Tapi kami masih sadar bahwa hubungan sejenis ini tidak boleh diketahui oleh orang lain atau bahkan sipir. Karena itu, apabila semula dalam posisi berbaring, kini Aka berdiri, sambil membuang padangan ke arah pintu keluar. Sehingga aku pun mengikuti arah gerak tubuhnya. Kini aku berdiri dengan bertumpu pada kedua lututku yang tertekuk. Kepalaku tetap beregerak majumundur meluluhlantakkan hasrat birahi Aka yang sedang terbakar gairah.
Kuluman, pagutan, sepongan yang kulakukan dipadu dengan goyangan pinggul Aka makin membuat suasana bertambah panas. Sontak tubuh Aka mendadak kejang dengan kedua tangannya menekan kuat kepalaku ke arah selangkangan.

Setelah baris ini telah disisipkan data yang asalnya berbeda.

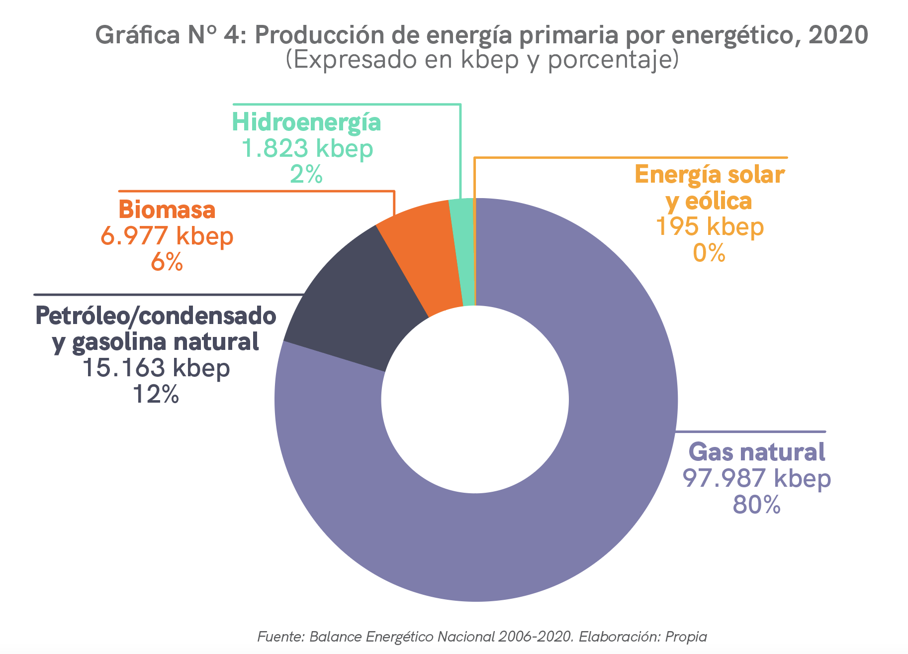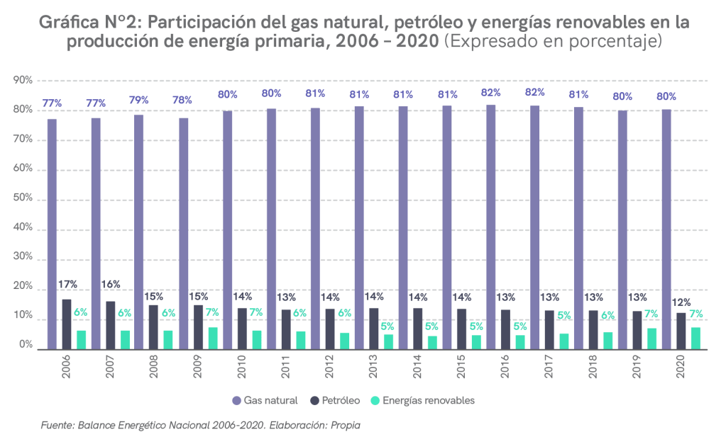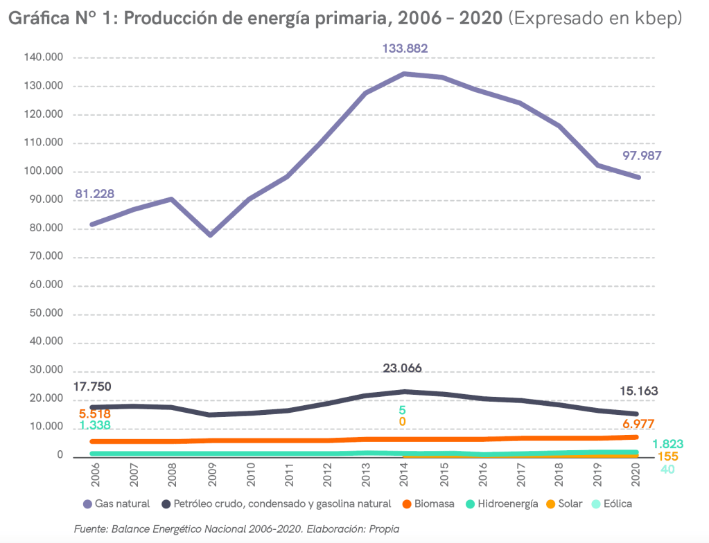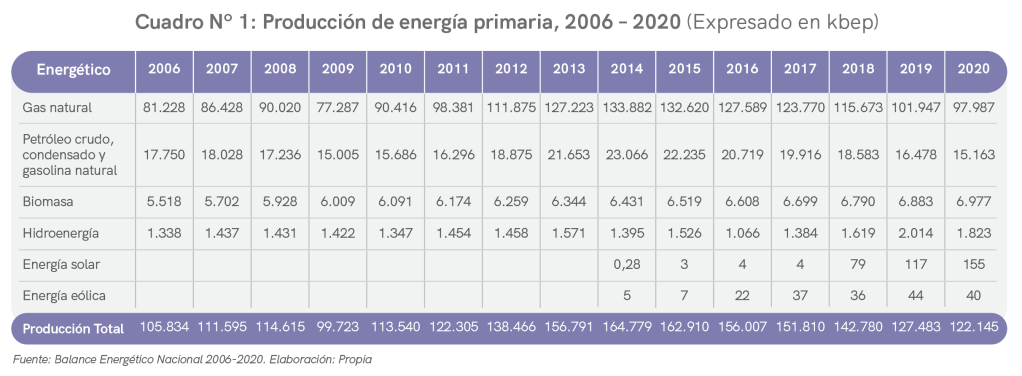 La producción de energía primaria[3] en el periodo 2006 – 2020, creció de 105.833 kbep el año 2006 a 164.779 kbep el año 2014, para luego ir en un decrecimiento de forma constante hasta llegar a los 122.145 kbep el 2020 (Cuadro y gráfica Nº 1). La producción de petróleo está asociada a la de gas natural y juntas han tenido una participación de entre el 93% y 95% de la producción total de energía primaria en este período (Gráfica Nº 2). El 2020 se produjo un 92,63% de petróleo y gas natural; mientras la energía eólica, solar, hidroeléctrica y biomasa apenas llegaron al 7,36%. Esto significa un fuerte dominio de los combustibles fósiles en la matriz energética primaria que no ha cambiado en los últimos 15 años (Gráfica Nº 2).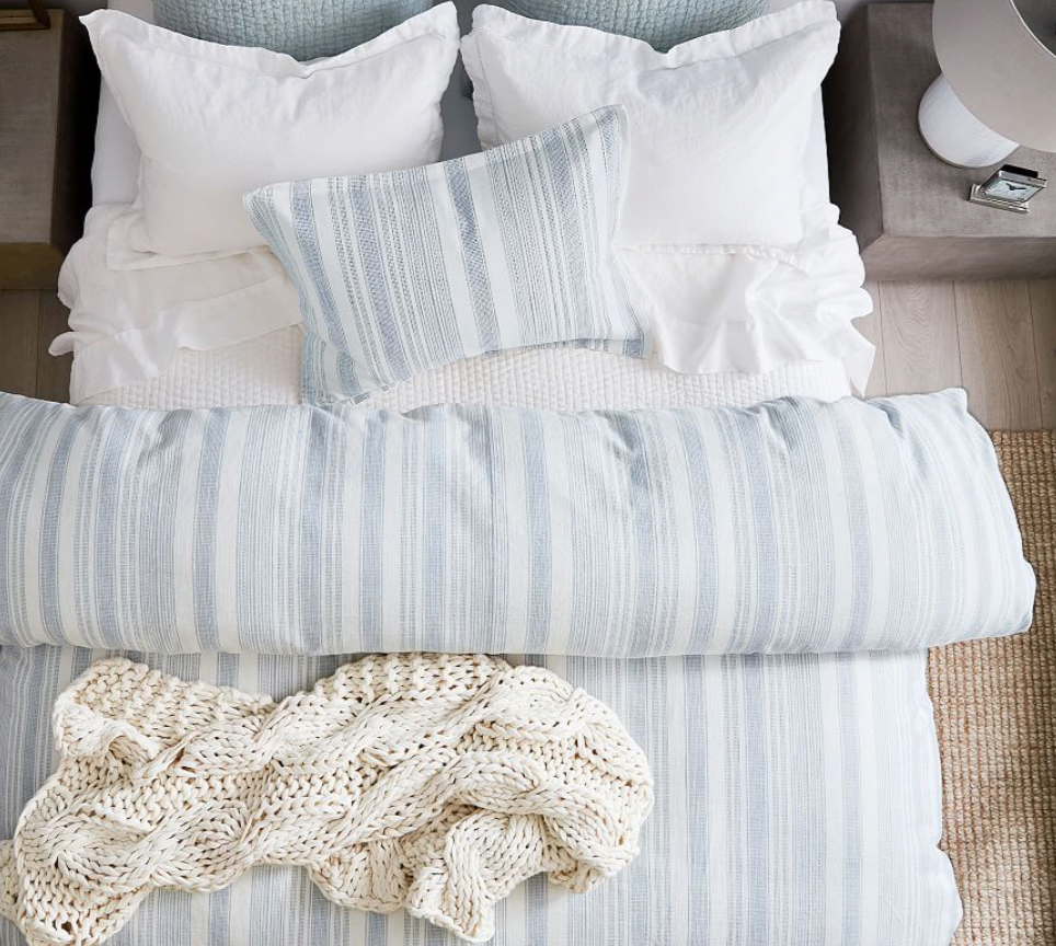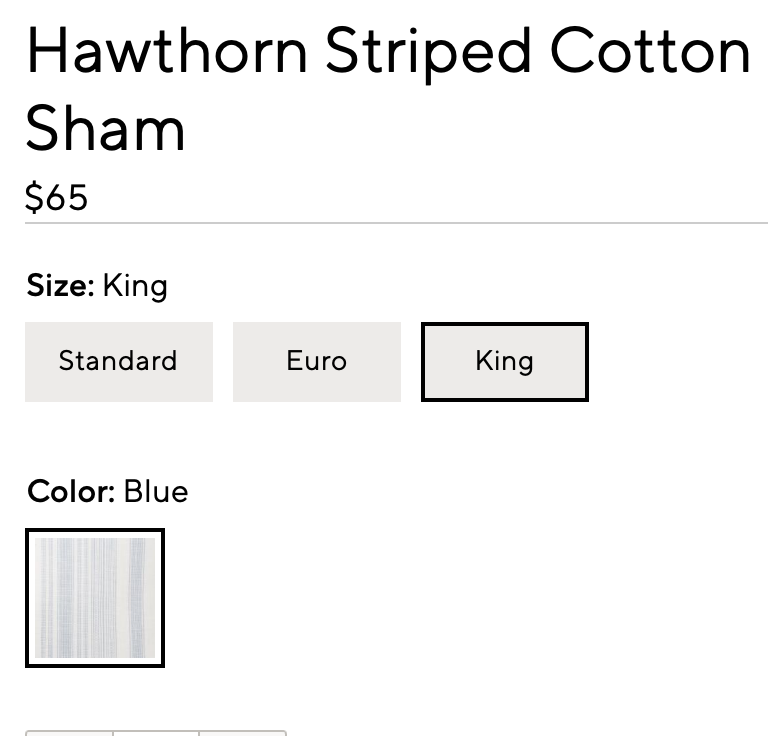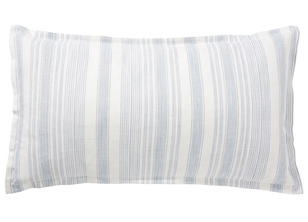 Details Material: Front fabric is woven of 100% yarn-dyed cotton. Thread Count: 200-thread count. Secure Design: Sham features an envelope closure and reverses to solid. Components: Shams sold set of two. Duvet cover and insert sold separately. Dimensions King Sham: 20" h x 36" w Care Instructions Machine wash cold; gentle cycle with like colors. Use only non-chlorine bleach if needed. Tumble dry low; remove promptly. Warm iron as needed.

Terasa penisnya memancarkan cairan kejantanan yang tumpah ruah di dalam mulutku.
“Sshhzz.. hahh.. ssfh.. aaghh.. aaghh.. uufh..”, desah suara Aka bergetar saat menyemprotkan spermanya.
Mulutku dengan rakus menghisap, melumat dan mengenyot glans Aka agar menghadirkan sensasi empot-empotan yang sempurna. Seiring dengan tandasnya sperma Aka di mulutku, batang penisnya terasa mulai menyusut dan kembali ke ukuran semula. Aku membiarkan Aka menariknya dari kulumanku.
Dengan punggung tanganku aku menyeka bibirku yang terkena ceceran cairan kejantanan Aka.
“Thanks, Nug. Ntar malam lagi ya?”.
Aku tidak menyahut kecuali mengedipkan sebelah mata seraya melemparkan celana hawai ke arahnya. Setelah itu aku bergegas keluar kamar bergabung dengan penghuni lain yang sedang berada di luar menerima kunjungan. Seolah-olah tidak pernah terjadi sesuatu. Aku yakin pula bahwa setelah ejakulasi tadi Aka sudah tidak masuk angin lagi.